This & That Vol. 23,342
Yesterday was wild, huh? After months of all the yelling and arguing and campaigning and now it’s done. Over. I drove to the polling place yesterday and waited in line with a coffee and a book in my hand (in case it took a long time). And I realized as I walked up to the door that I felt no joy or hope in the act of voting. It was a sense of heaviness, of fear. Uncertainty. It doesn’t feel like freedom, does it, when you are forced to vote for a candidate you never would have chosen to begin with?
Regardless. God is on his throne, the sun still shines. And life goes on.
After I left the polling place, I made a little jog over to my Grandmother Blanche’s neighborhood. She passed in the year after Simon and I were married and I haven’t been back over there since. Growing up, my mom and I were always running by Grandmother’s, and we had a specific route. The same way in and out of the neighborhood. Mentally I can recreate that exact pathway, still see the houses and the specific things that my childhood mind always noticed. And so I drove that exact way this time, for the first time in years.
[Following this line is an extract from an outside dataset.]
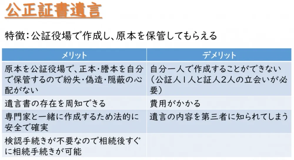 専門家と一緒に遺言書を作成するため法的要件で無効とされる心配がなく、さらには原本を公証役場で保管してもらえるため紛失等の恐れがなく、最も安全で確実な遺言方法です。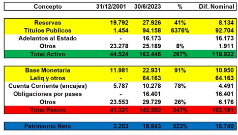En el año 2001 el balance del Banco Central no estaba contaminado con la gran emisión monetaria que tenemos en la actualidad. Si bien la base monetaria aumento un 91% en dólares, cuando miramos el rubro leliq y otros no existía en el año 2001 y hoy muestra un pasivo de U$S 64.163 millones.

The one house across from the elementary school that always had the best Christmas decorations and blowmold nativity display (already up in the window). The beautiful home where my Dad’s pharmacist lived. The house with the cement elephants out front (they were still there!) where one time my mom stopped and asked the lady where to get one because she had a little blonde girl who adored them (and she went to get one for me). Then there it was – locked in time, my Grandmother’s home. Still a pale shade of mint green with the pinkish brick. It looked just as it had my entire life. And I sat there in front of it and I cried big huge tears. I cried for her like I hadn’t in years and it was so crazy cathartic.
It was my second home, that little house. It wasn’t anything fancy or even fashionable but it was home. She was another mother to me in so many ways – a mother of six, herself. She died before I had Jude or Archer and I have a billion questions about motherhood I wish I could ask her and how did she do it. I wish I could show her how her beautiful china cabinet and buffet were in a magazine this past month.
All that to say, home is everything, isn’t it? It isn’t so much the decor and the paint colors (although that sets the stage and creates the backdrop), but it’s the magic that happens inside. It’s pretending your grandmother’s lace curtains are a bridal veil with your closest cousin or making memories with an old mattress that doubles as a fort. It’s all the cousins together with relatives galore, and all the differing opinions and that pumpkin pie your aunt asked you to make for Thanksgiving your junior year of college even though you’d never made a pumpkin pie in your life.
Home matters. And when things feel rocky in the world, I am reminded of the safety and security of what it was like in my childhood.
It’s everything I want to create for my own children.